According to the Kirchhoff's law, the dependence of enthalpy change of the reaction $∆H$ on temperature $T$ is related to the change in heat capacity $c_p$ as follows:

$∆H_{T_2}= ∆H_{T_1} + \int_{T_1}^{T_2}{∆c_p}dT$ .

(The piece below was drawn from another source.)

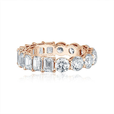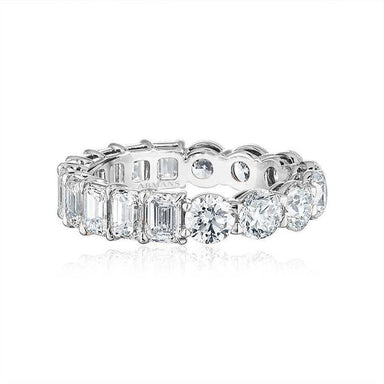 View full detailsDetails Eternity ring with mixed diamonds including round, emerald cut diamonds in a four-prong setting. Total carat weight: 4.50ct Metals Ava...

The change in heat capacity for the conversion of red phosphorus to white phosphorus is:

$∆c_p = c_{p, white P} - c_{p, red P} = 23.82 - 21.19 =2.63$ J mol^-1 K^-1.

Therefore, the change in enthalpy at 198 K is:

$∆H_{198 K} = ∆H_{298 K} + \int_{298}^{198}{2.63}dT$

$∆H_{198 K} = 17.6·10^{3} \text{ (J/mol)} + \int_{298}^{198}{2.63}dT$

$∆H_{198 K} = 17.6·10^{3} \text{ (J/mol)} + 2.63·(198-298)\text{ (J/mol)}$

$∆H_{198 K} = 17600 -263 = 17337 \text{ (J/mol)}$ , or 17.3 kJ/mol.

Answer: the molar enthalpy change at 198 K for the conversion of red phosphorus to white phosphorus is 17.3 kJ/mol.